Down to the last line of the listing, starting at the one with "ミラーボールがある!確か花い", retype each line exactly. Do not copy the pictures.

▶ Given information
□ □ □ □

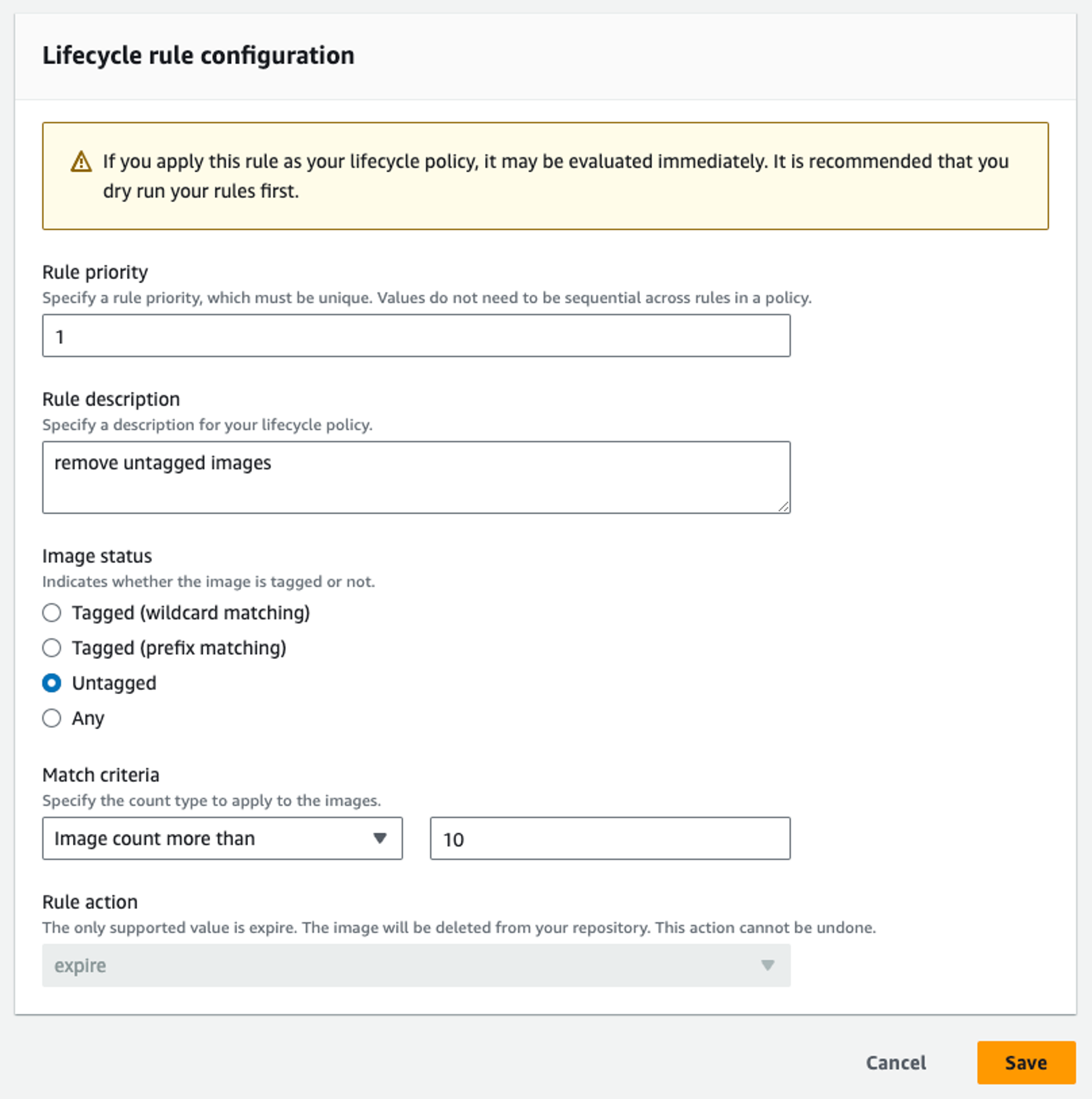 같은 태그로 이미지를 여러 번 푸시하면 가장 최신 이미지를 제외하고 모두 태그가 사라지기 때문에, 타겟 Image status를 untagged로 설정하였습니다. 또한 그런 이미지가 10개를 넘지 않도록 설정하였습니다. 즉, 최신이 아닌 이미지가 10개가 넘지 않도록 제한을 둔 것입니다.
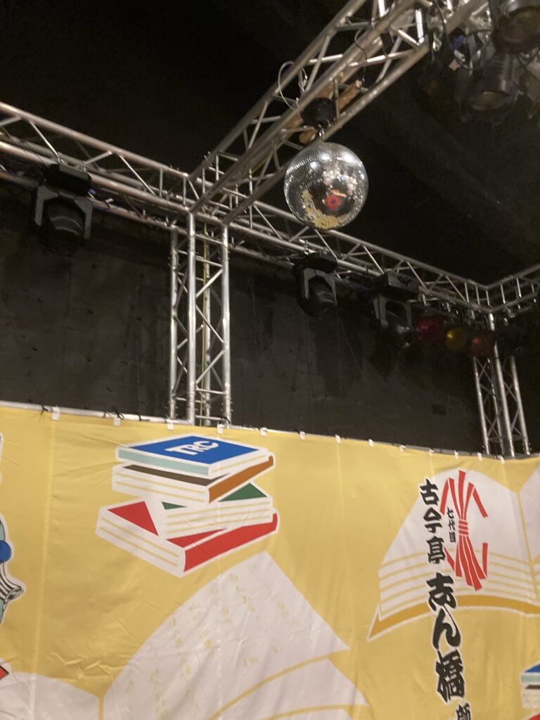 ミラーボールがある!確か花いち兄さんの新作にミラーボールが出てくる新作落語があったような…。ここでやってもらいたいですね。
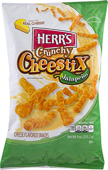 Herr’s Jalapeno Crunchy Cheestix have a big cheesy flavour with a zesty pinch of jalapeno pepper that packs a punch!
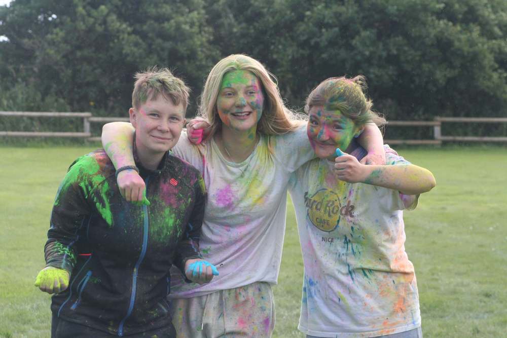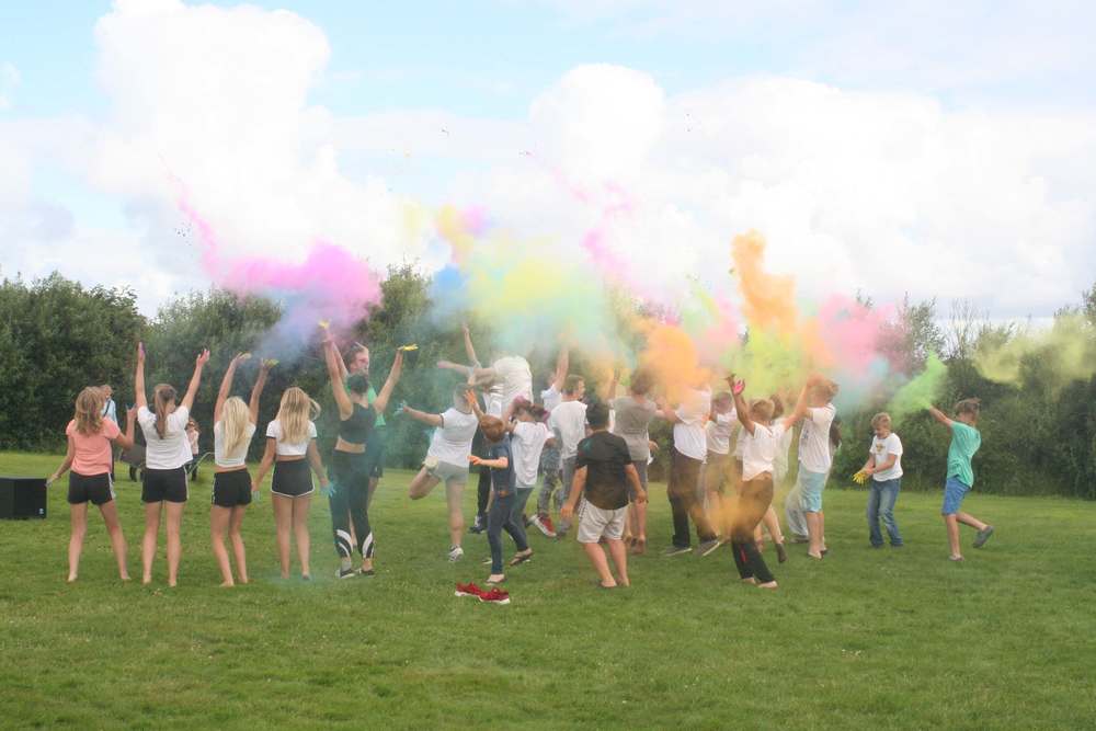 Den Abschluss bildete das „Holi Fest“, wo sich die Teilnehmer mit buntem Farbpulver einreiben und gegenseitig bewerfen. Keine Angst, die Farbe ging wieder ab.

□ □ □ □

▶ Result for this task
 ミラーボールがある!確か花いち兄さんの新作にミラーボールが出てくる新作落語があったような…。ここでやってもらいたいですね。
 Herr’s Jalapeno Crunchy Cheestix have a big cheesy flavour with a zesty pinch of jalapeno pepper that packs a punch!
 Den Abschluss bildete das „Holi Fest“, wo sich die Teilnehmer mit buntem Farbpulver einreiben und gegenseitig bewerfen. Keine Angst, die Farbe ging wieder ab.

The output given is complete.